Find the lowest unused number

I've setup a std map to map some numbers, at this point I know what numbers I'm mapping from an to, eg:
std::map<int, int> myMap;
map[1] = 2;
map[2] = 4;
map[3] = 6;
Later however, I want to map some numbers to the lowest number possilbe that is not in the map, eg:
map[4] = getLowestFreeNumberToMapTo(map); // I'd like this to return 1
map[5] = getLowestFreeNumberToMapTo(map); // I'd like this to return 3
Any easy way of doing this?
I considered building an ordered list of numbers as I added them to the map so I could just look for 1, not find it, use it, add it etc.
Something like
typedef std::set<int> SetType;
SetType used; // The already used numbers
int freeCounter = 1; // The first available free number
void AddToMap(int i)
{
used.insert(i);
// Actually add the value to map
}
void GetNewNumber()
{
SetType::iterator iter = used.lower_bound(freeCounter);
while (iter != used.end() && *iter == freeCounter)
{
++iter;
++freeCounter;
}
return freeCounter++;
}
If your map is quite big but sparse, this will work like o(log(N)), where N is the number of items in the map - in most cases you won't have to iterate through the set, or just make a few steps.
Otherwise, if there are few gaps in the map, then you would better have a set of free items in the range [1..maxValueInTheMap].
Finding the lowest unused number is a very common operation in UNIX kernels, as every open/socket/etc. syscall is supposed to bind to the lowest unused FD number.
On Linux, the algorithm in fs/file.c­#alloc_fd is:
keep track of next_fd, a low water mark -- it is not necessarily 100% accurate
whenever a FD is freed, next_fd = min(fd, next_fd)
to allocate a FD, start searching the bitmap starting from next_fd -- lib/find_next_bit.c­#find_next_zero_bit is linear but still very fast, because it takes BITS_PER_LONG strides at a time
after a FD is allocated, next_fd = fd + 1
FreeBSD's sys/kern/kern_descrip.c­#fdalloc follows the same idea: start with int fd_freefile; /* approx. next free file */, and search the bitmap upwards.

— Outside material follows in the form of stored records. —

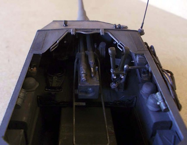 Хороший аппарат. Жаль, не видно места механика водителя с рычагами и приборами, и радиста с радиооборудованием. Трумпетер дал хорошую начинку.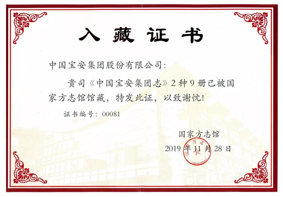近日,《中国宝安集团志》被国家方志馆收藏。集团志的入藏,让社会各界更全面了解集团作为新中国第一家股份制企业,在改革开放这一特定历史时期中的发展历史,对集团企业文化建设和宣传都具有重要意义。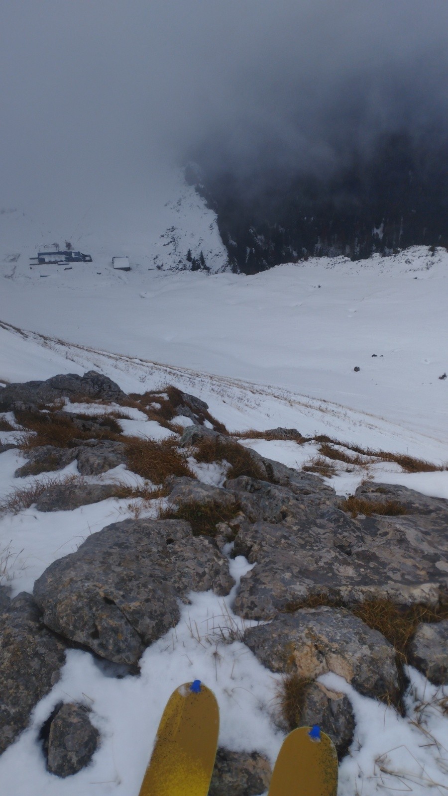 Altitude de chaussage/déchaussage : 1400 /1400 on prend pas de vitesse sur la descente donc ça le fait même si pas beaucoup de neige.

However, these are all operating under the assumption that most processes have few FDs open, and very, very few have thousands. If the numbers will go much higher, with sparse holes, the common solution (as far as I've seen) is
#include <algorithm>
#include <functional>
#include <vector>
using namespace std;
int high_water_mark = 0;
vector<int> unused_numbers = vector<int>();
int get_new_number() {
if (used_numbers.empty())
return high_water_mark++;
pop_heap(unused_numbers.begin(), unused_numbers.end(), greater<int>());
return unused_numbers.pop_back();
}
void recycle_number(int number) {
unused_numbers.push_back(number);
push_heap(unused_numbers.begin(), unused_numbers.end(), greater<int>());
}
(untested code... idea is: keep a high water mark; try to steal from unused below the high water mark, or up the high water mark otherwise; return freed to unused)
and if your assumption is that the used numbers will be sparse, then Dmitry's solution makes more sense.
I'd use a bidirectional map class for this problem. That way you can simply check if value 1 exists etc.
Edit
The benefits of using a bimap is that there already exist robust implementations of it and even if searching for the next free number is O(n) it is only an issue if n is large (or possibly if n is moderate and this is called very frequently). Overall making for a simple implementation that is unlikely to be error prone and easily maintainable.
If n is large or this operation is performed very frequently than investing the effort of implementing a more advanced solution is merited. IMHO.